The packaging for these four releases is as diverting as the contents. Before getting to the CD-r the listener needs to remove a bulldog clip, put the embossed card outer sleeve to one side, unfold a paper inner sleeve and note the details handily contained on a separate insert. Following their appearance on a blog hosted by The Wire magazine (pics above stolen from that source – I don’t like the publication but credit where it’s due: nice work) Seth offered the following explanation on the Bang the Bore Forum:
The idea is that the listener has to reassemble each release every time it’s played. There are lots of possible configurations, each outer cover is a square tile that can be positioned in any direction, or reversed. Each is embossed with a found object rather than embossing plate.
Which brings me neatly to the final point I’d like to make. Seth also said this:
You can figure most of the ideas behind the packaging out for yourselves, but Ignacio’s might take a little explaining. Iggy’s Anatomy of the Self Volume II is about breakdown – of instruments, of working methods, of relationships, of family, of organisations, of society. He wanted an image of a broken machine, and I initially got hold of some cogs to emboss, but it felt far too mechanistic for the sound of the record. So I got the chance to collect up some 3d printer misprints… the hexagonal hive-style pattern is the exposed inner structure, made that way to save plastic. As it went through the embossing press the piece started deteriorating in fibrous strands or splintering altogether, and some of the relief was so deep that it ruptured the greyboard. So in essence, you’re looking at the product of one broken machine creating another broken machine, a product that’s breaking as it’s repeatedly run through another machine two hundred times, a process that’s also rupturing the medium itself.
…and Andy Crow said this:
‘Excommunicado’ is a collaborative project from Caught In The Wake Forever and Crow Versus Crow that brings together work in the respective medium of both artists revolving around each artist’s interpretation of a single conceptual theme.

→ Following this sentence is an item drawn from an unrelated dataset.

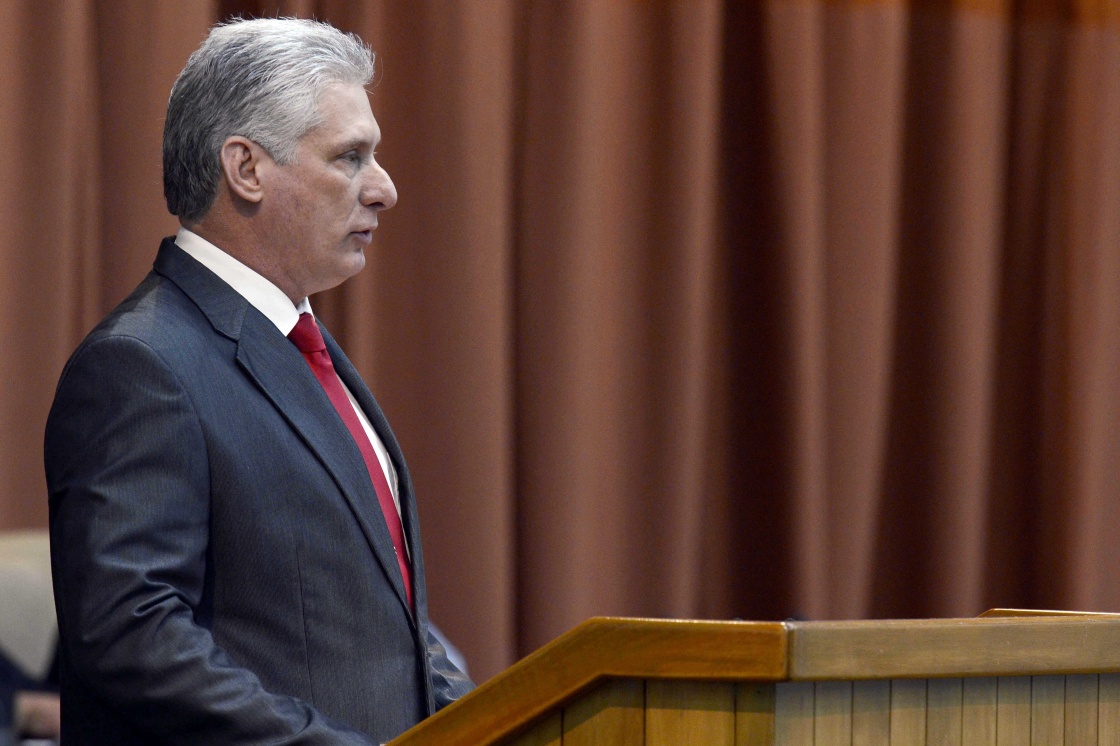 4月19日,在古巴首都哈瓦那,新當(dāng)選的國(guó)務(wù)委員會(huì)主席迪亞斯-卡內(nèi)爾發(fā)表講話。新華社發(fā)(華金·埃爾南德斯攝)

The works within were produced as a continuous dialogue over a number of months, with various stages of development and articulation being sent back and forth between the artists, until both felt that their contribution was complete.
…making explicit, as if it were needed, that there is another level on which all these objects need unpacking. At the risk of sounding pretentious, the packaging also involves a metaphysical or conceptual element which acts as a further framing device for the content. This can be more or less obvious or implicit, more or less important to the listener or viewer’s experience but it is there and it is there because these artists wanted it there.
I am, as ever, in awe of the graft, the seriousness of intent, the lightness of touch, the quality of finish, the expert use of meagre resources, the intellectual rigour and the coherent and fascinating aesthetics that our scene is capable of exhibiting. You’d think I’d have lost the ability to be amazed, wouldn’t you? Not a bit of it.